• **What the exercise asks**
Take the line that contains "Информационные таблички сообщают" as the start and the last line of the entries as the end, and print both and everything between them exactly, without the pictures.

• **Data shown**
***

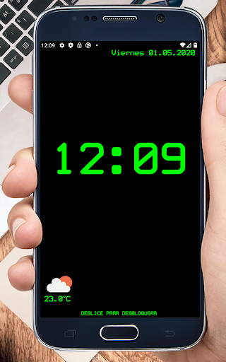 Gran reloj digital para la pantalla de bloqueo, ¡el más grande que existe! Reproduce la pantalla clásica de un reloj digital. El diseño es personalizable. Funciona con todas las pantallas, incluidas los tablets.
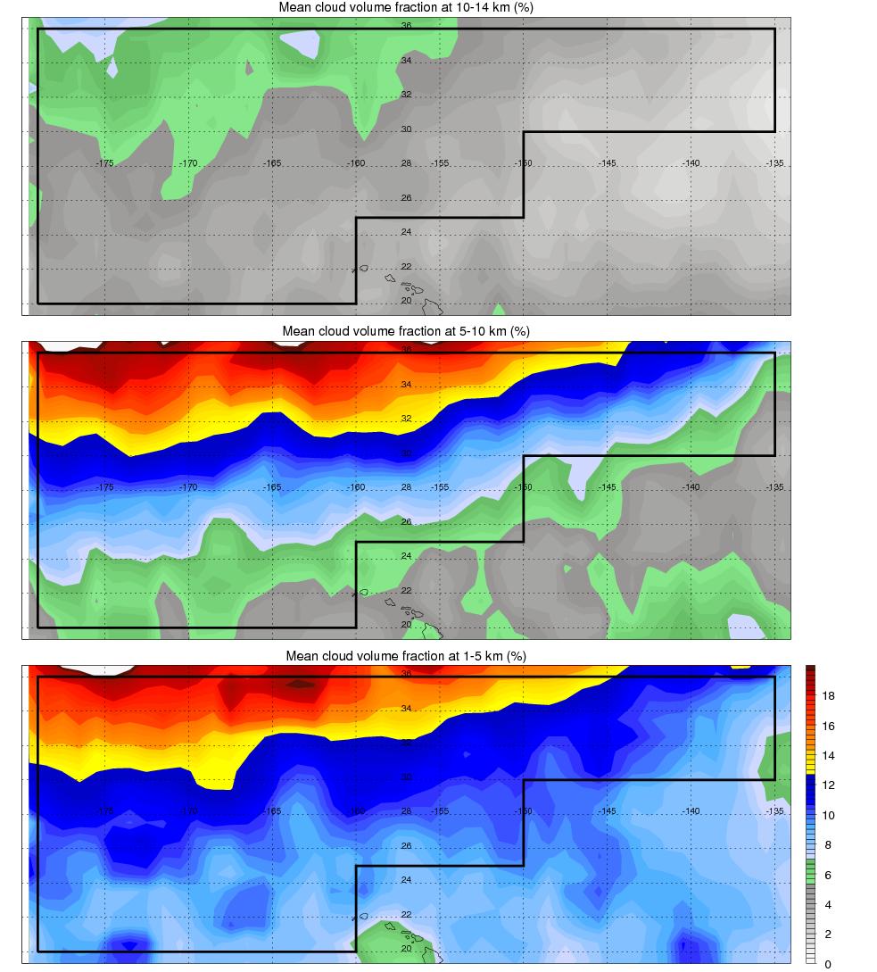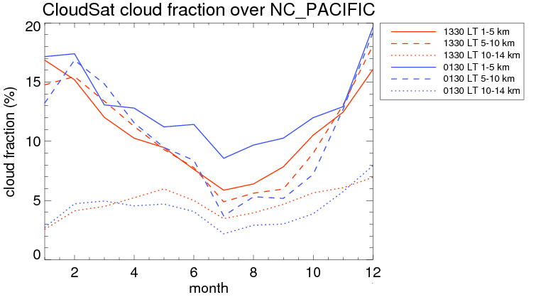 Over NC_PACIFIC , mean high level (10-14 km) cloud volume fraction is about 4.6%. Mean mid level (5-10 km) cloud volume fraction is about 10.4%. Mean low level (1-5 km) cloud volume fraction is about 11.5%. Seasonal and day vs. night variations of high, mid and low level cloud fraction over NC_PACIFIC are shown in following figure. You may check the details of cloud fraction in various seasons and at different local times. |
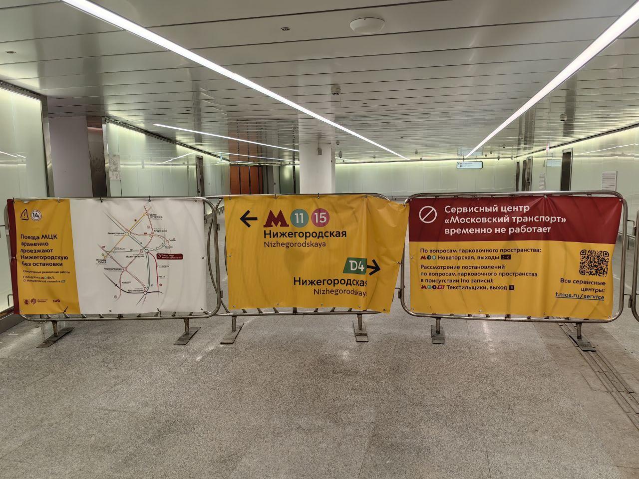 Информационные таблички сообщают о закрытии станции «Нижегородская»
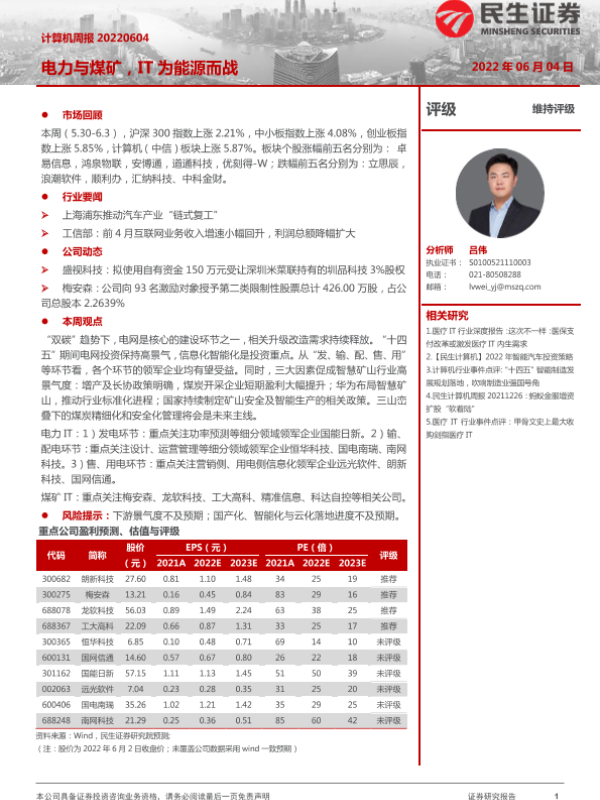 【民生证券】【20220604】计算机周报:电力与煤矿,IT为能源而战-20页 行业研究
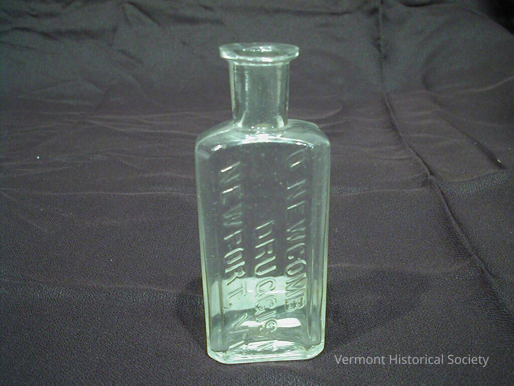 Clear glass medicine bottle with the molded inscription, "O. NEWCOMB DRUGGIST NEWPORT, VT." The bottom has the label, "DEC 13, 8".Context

***

• **Solution below**
 Информационные таблички сообщают о закрытии станции «Нижегородская»
 【民生证券】【20220604】计算机周报:电力与煤矿,IT为能源而战-20页 行业研究
 Clear glass medicine bottle with the molded inscription, "O. NEWCOMB DRUGGIST NEWPORT, VT." The bottom has the label, "DEC 13, 8".Context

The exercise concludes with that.